Expensive equipment problem

I have never had much of a chance to go camping. Therefore, I don’t have much gear. I want to do a lot of camping, and Kayak camping, this coming summer. My problem is,How do I spend less than 800 dollars and still get a good set up for kayak camping? I don’t have access to a very good army surpluss or anything like it. Any suggestions? BTW, I already have a Kayak.


$800 is LOT of money!
You’ll be very nicely equipped for $800. You’ll need a tent, sleeping bag, stove, cookware, and pack (if you paln to hike/camp)and a few other small things.

If you have wool or synthetic clothing, rain gear, and good hiking boots, you’re pretty much set.

For a tent, Sierra Designs makes great tents for the $. Here is a 2-person Clip/Flashlight that is great.

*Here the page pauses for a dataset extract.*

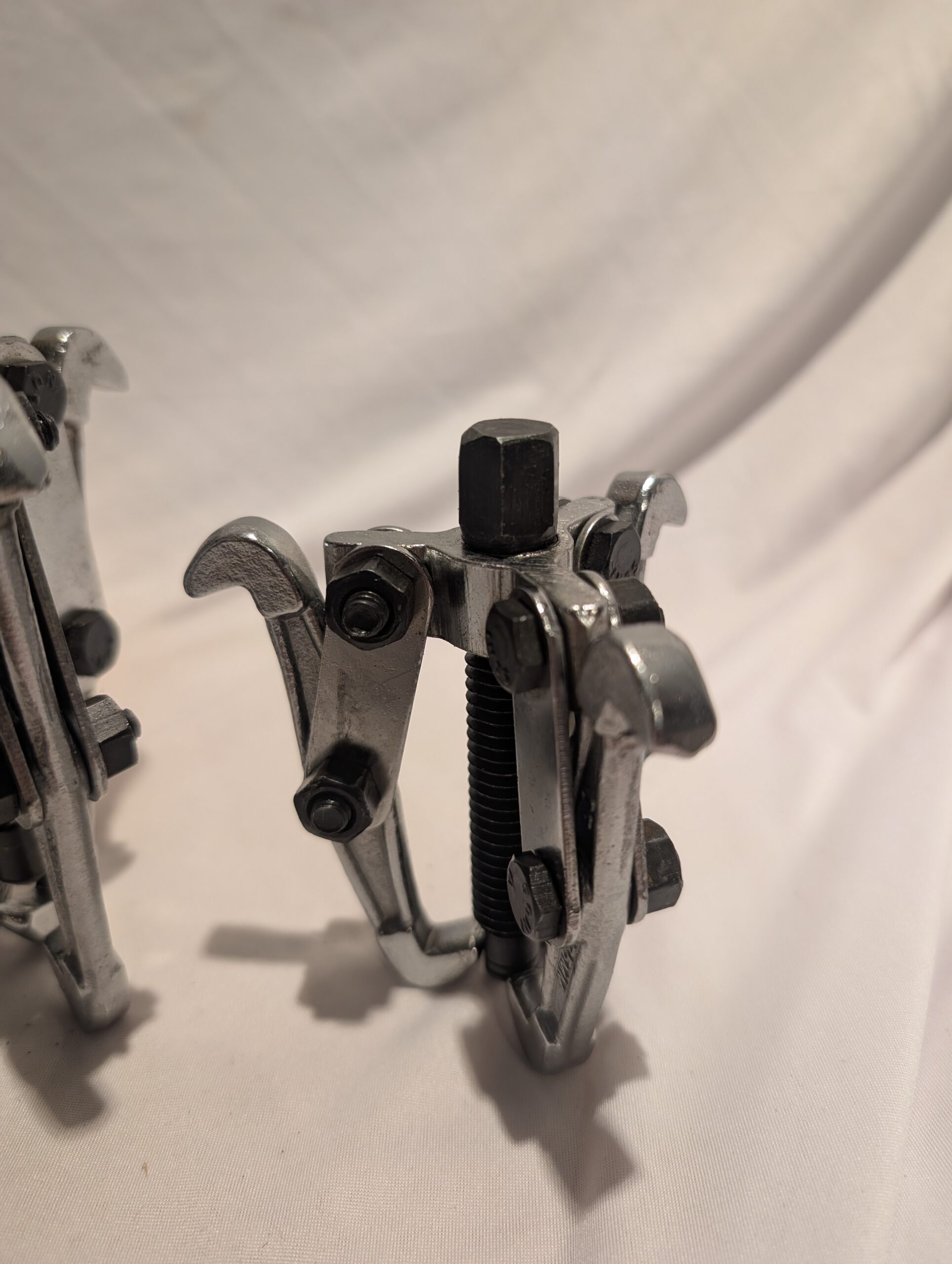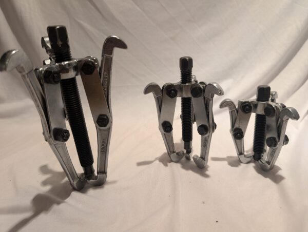 Drop forged & chrome plated. Heavy duty gear pullers in sizes 75mm, 100mm and 150mm. Reversible for internal or external use.
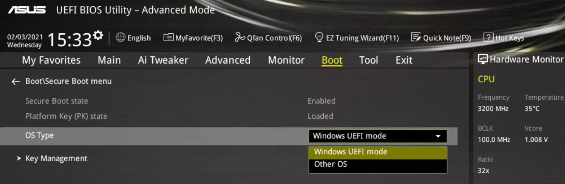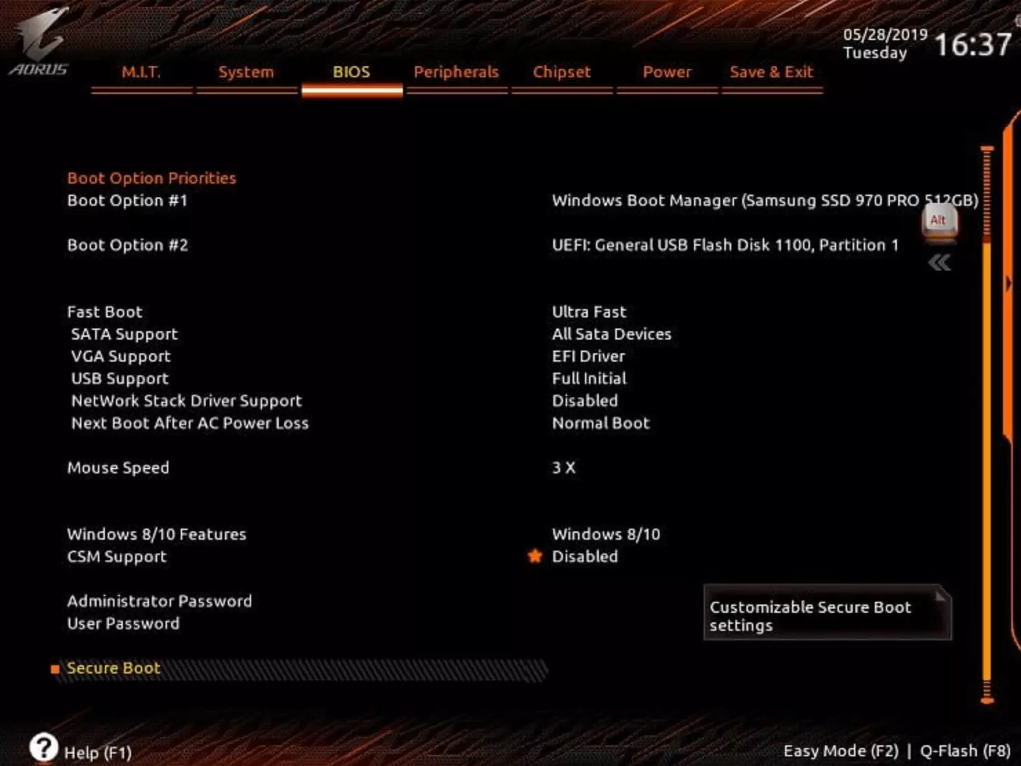 如果此参数为【关闭】,则继续操作... 主要主板制造商的Secure Boot激活方法 UEFI Bios:重启电脑 -> 在Windows启动前按下F2或Delete键。(如果此方法无效,您的主板制造商可能设置了其他按键组合。) 确保已将启动模式从Legacy/CSM(在技嘉主板上显示为off)更改为UEFI模式。此选项可在“Boot”或“BIOS”选项卡中找到。请注意,操作系统类型必须设置为Windows 8/10 Features,而非Other Operating System。 注意:如果启用安全启动(Secure Boot)后操作系统无法启动,而是出现UEFI界面,您需要撤销所做的更改。问题很可能在于您需要将磁盘从MBR转换为GPT,以便在禁用兼容性支持模块(CSM)的情况下启动操作系统。这可以通过第三方软件完成。然后返回到步骤1。 以下是不同主板的示例。

I have one and it is lightweight, sets up quickly, and nice and airy yet dry in a rain storm.


For a sleeping bag and summer camping, I’d recommend a synthetic bag from either Northface, Sierrra Design, EMS or REI. No down. You can get a great bag, down to about 30 deg F for $130 or less.

Sleeping pad is another $50. Stove about $80. Get an MSR one that burns any type of fuel. The Whisperlite International or the XGK are good reliable stoves.

Rest of you money you can buy a good pack ($200) and anything else that you wan to make yourself comfortable.

So for $600, you can get the critical gear to have a good night’s sleep and carry the gear. The other $200 do what you want with.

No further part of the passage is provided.